*Exercise prompt*.
Once the line containing "ALLSAINTS Dalby Biker" is reached in the listing below, reproduce it and all later lines through the final one exactly, but omit any pictures.

*Records shown*.
* * *
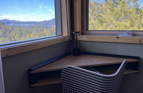 Have a large group and want to celebrate together?! Come on over!! We have a Large 3-story House + a 2 bedroom cabin, side-by-side, so that you can be together and still maintain your space. The main house has 2 completely separate living spaces with a fridge, microwave and storage area if you have a nanny or mother-in-law who needs her own things. Both homes back into the national forrest with the best hiking trails in Big Bear. We are a 2 min walk to the most private sledding trails, and we keep extra sleds in the closet. We are a 5 min. drive to the ski slopes and you can watch the skiers from our living room window. Moonridge is the most upscale neighborhood in town and we decorated the main house with luxury in mind so that you and your family can have fun in style! 360 views including BB Lake! This Listing is ONLY for the 3-story house. If you would like to rent the small cabin, it will be an extra 125/night, + 150 cleaning fee.
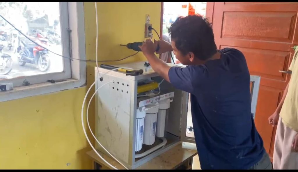 Pemasangan alat dilakukan langsung oleh tim dosen dan mahasiswa sebagai bentuk kepedulian terhadap kebutuhan air minum layak bagi para pengungsi.
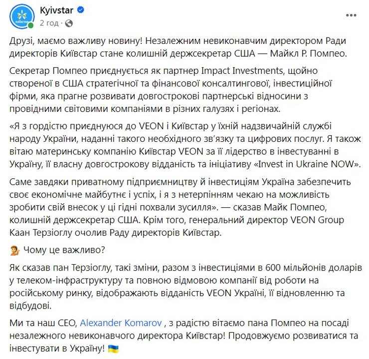 Бывший американский чиновник получил должность независимого неисполнительного директора. Майк Помпео, как говорится в сообщении "Киевстар", с нетерпением ждет возможности сделать свой вклад.
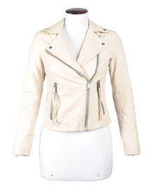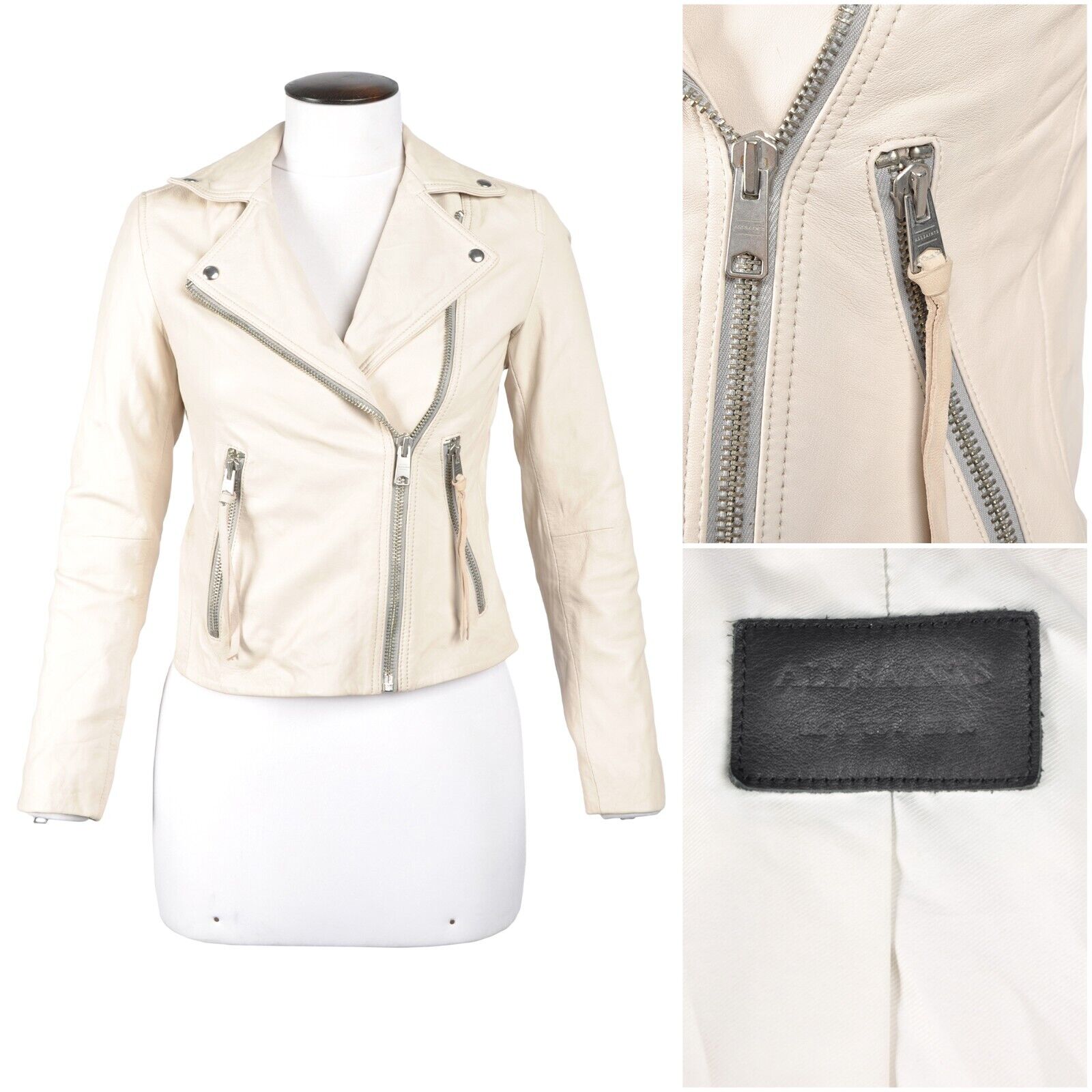 ALLSAINTS Dalby Biker Jacket Ivory Suede Leather Short Women's Size 36
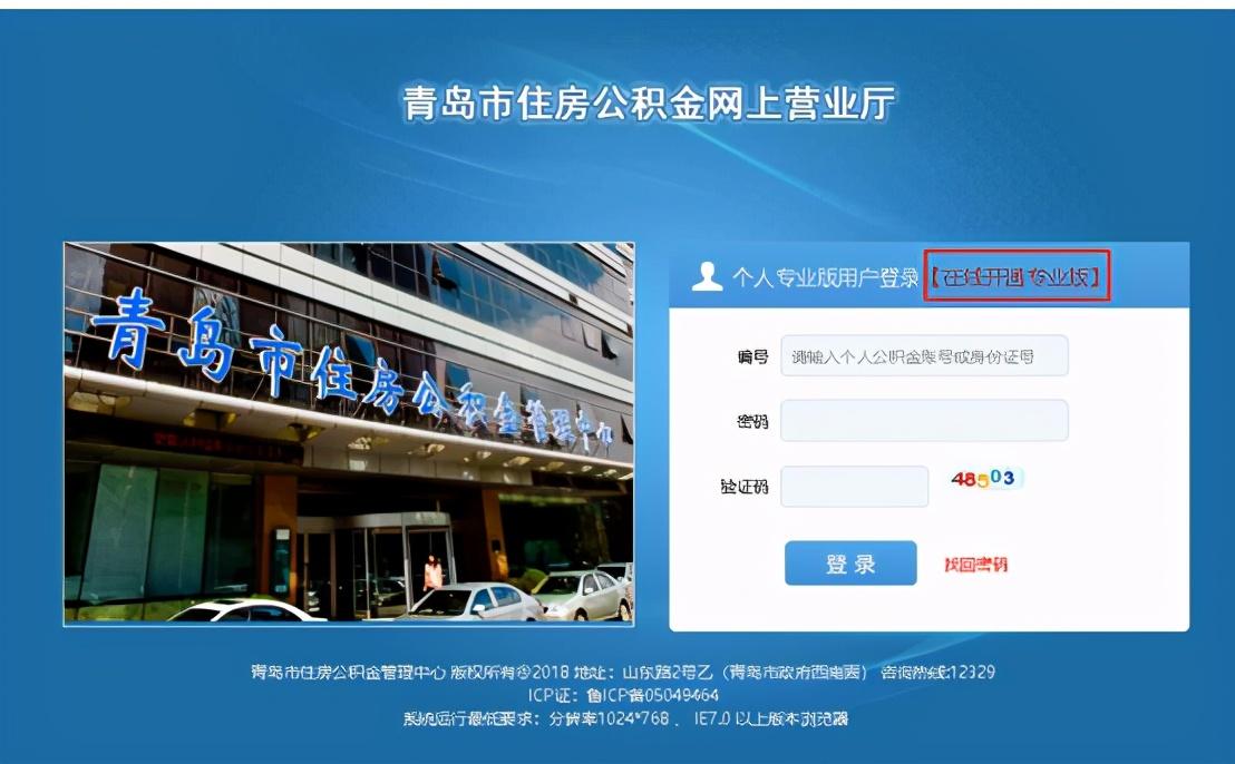 首先打開青島住房公積金網(wǎng)站(http://www.qdgjj.com),找個人網(wǎng)上營業(yè)廳-個人專業(yè)版登錄(下圖界面)
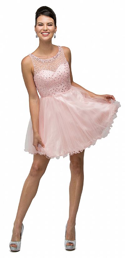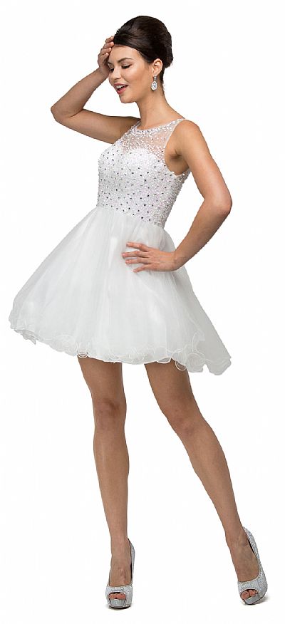 | BEJEWELED BUST SHORT BABYDOLL HOMECOMING PARTY DRESS (item #p9118)
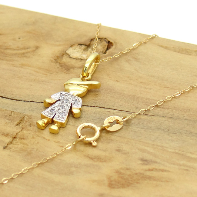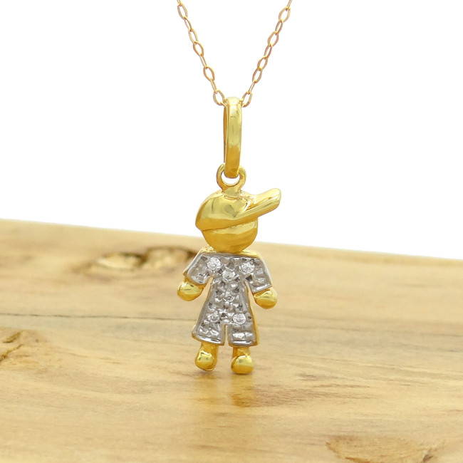 Pingente Menino com 6 Diamantes, em Ouro Amarelo 18 Kilates
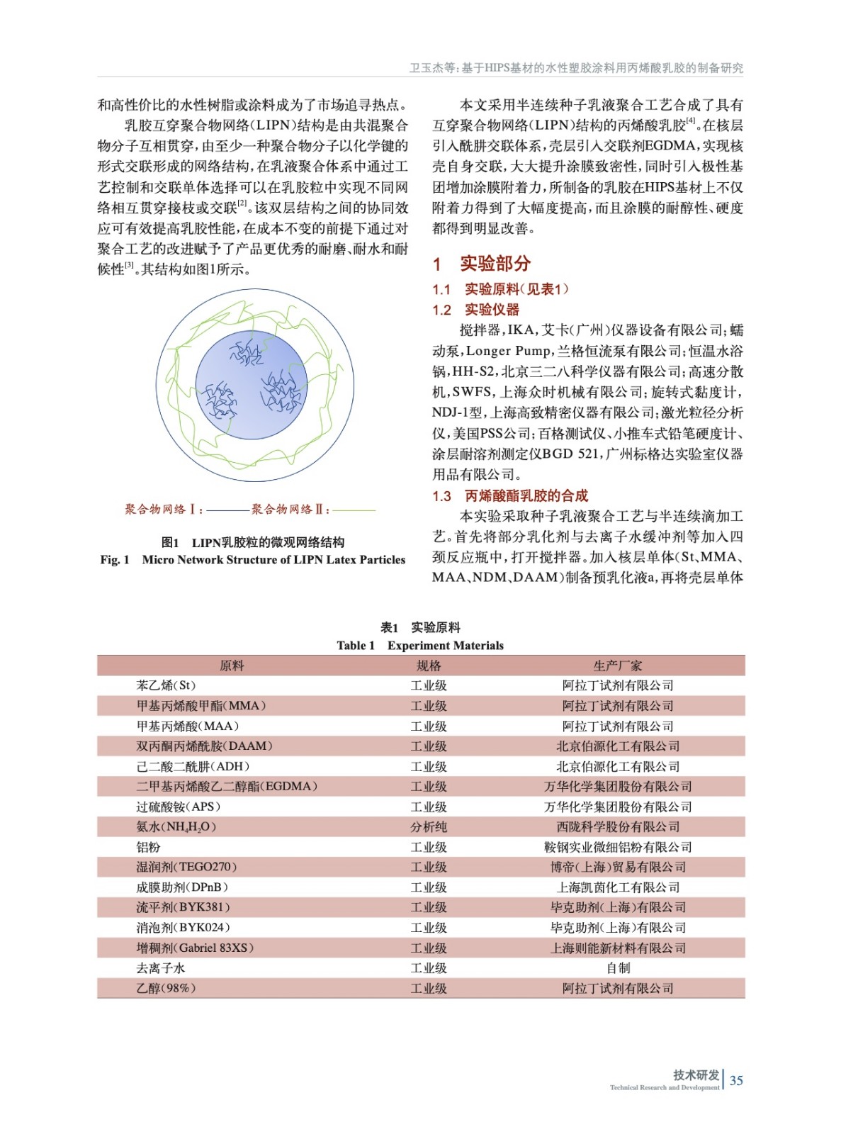 基于HIPS基材的水性塑膠涂料用丙烯酸乳膠的制備研究
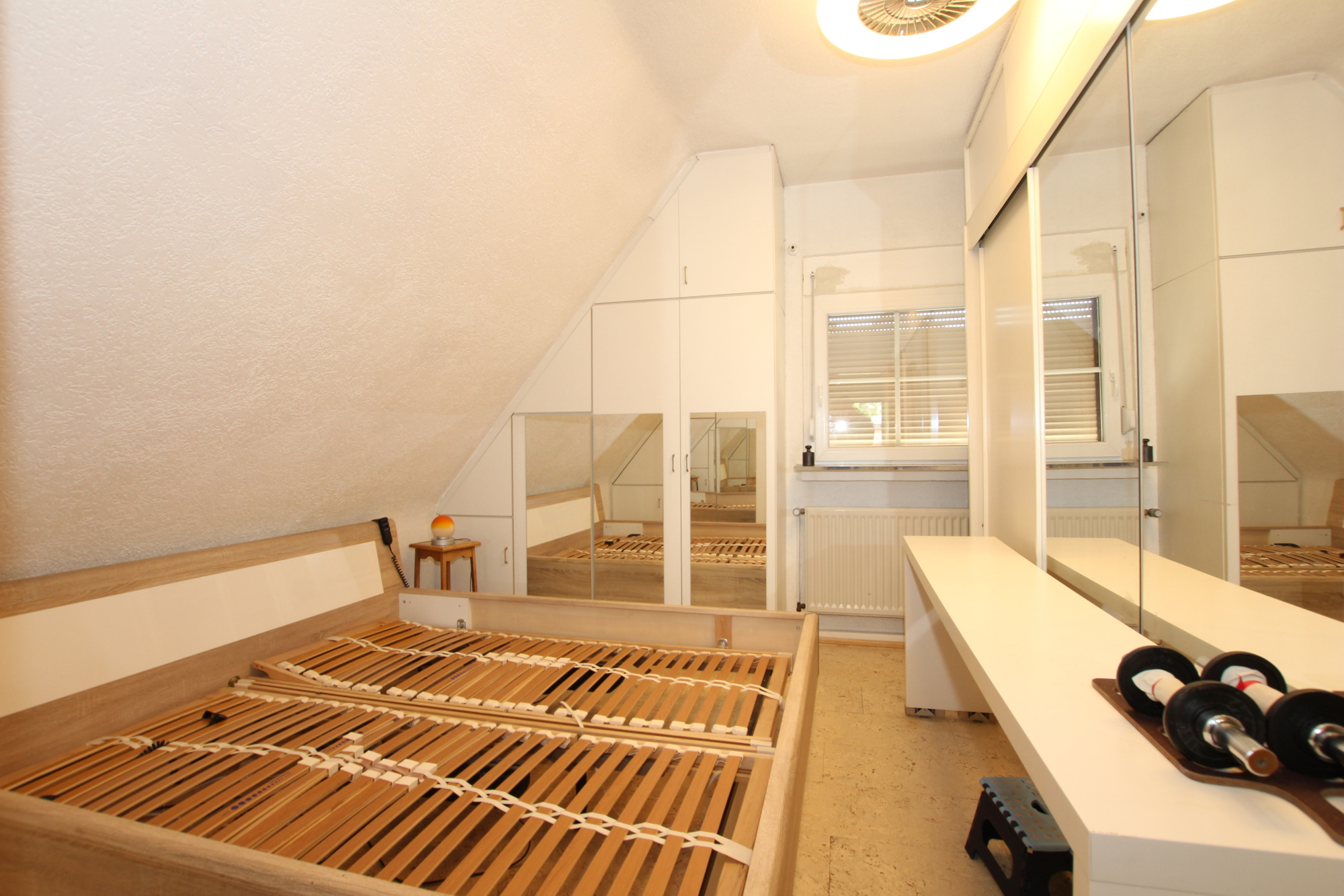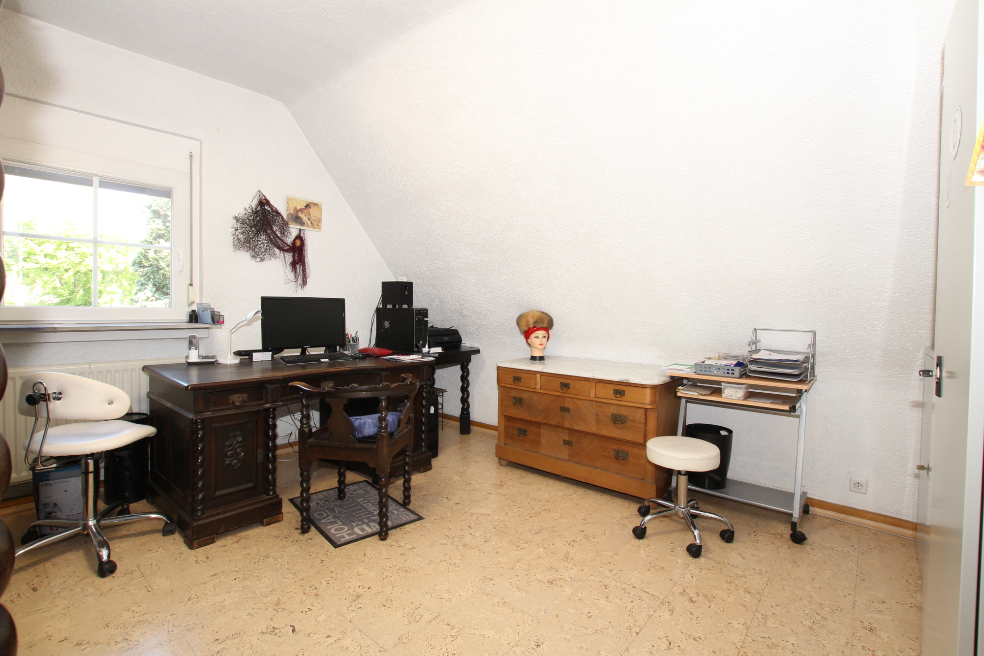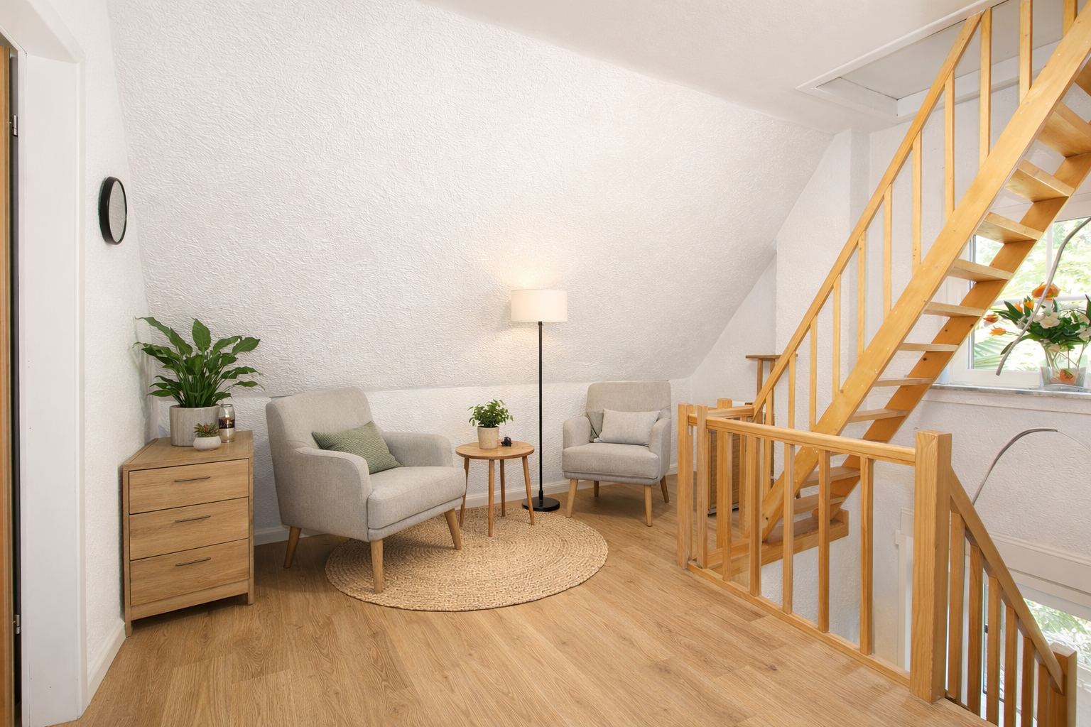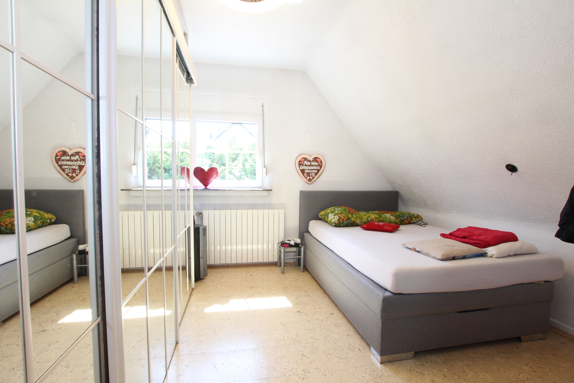 Im Obergeschoss befinden sich das ruhige Schlafzimmer mit genügend Platz für ein großes Doppelbett und einen großzügigen Kleiderschrank. Die Gestaltung ist auf Erholung und Komfort ausgelegt, ein Ort zum Abschalten und Kraft tanken. Ein freundliches Kinderzimmer das sich durch die gute Größe flexibel einrichten lässt, sowie ein helles Büro, welches sich zum Arbeiten im Homeoffice oder als Gästezimmer eignet.
* * *
*Solution to this problem*.
 ALLSAINTS Dalby Biker Jacket Ivory Suede Leather Short Women's Size 36
 首先打開青島住房公積金網(wǎng)站(http://www.qdgjj.com),找個人網(wǎng)上營業(yè)廳-個人專業(yè)版登錄(下圖界面)
 | BEJEWELED BUST SHORT BABYDOLL HOMECOMING PARTY DRESS (item #p9118)
 Pingente Menino com 6 Diamantes, em Ouro Amarelo 18 Kilates
 基于HIPS基材的水性塑膠涂料用丙烯酸乳膠的制備研究
 Im Obergeschoss befinden sich das ruhige Schlafzimmer mit genügend Platz für ein großes Doppelbett und einen großzügigen Kleiderschrank. Die Gestaltung ist auf Erholung und Komfort ausgelegt, ein Ort zum Abschalten und Kraft tanken. Ein freundliches Kinderzimmer das sich durch die gute Größe flexibel einrichten lässt, sowie ein helles Büro, welches sich zum Arbeiten im Homeoffice oder als Gästezimmer eignet.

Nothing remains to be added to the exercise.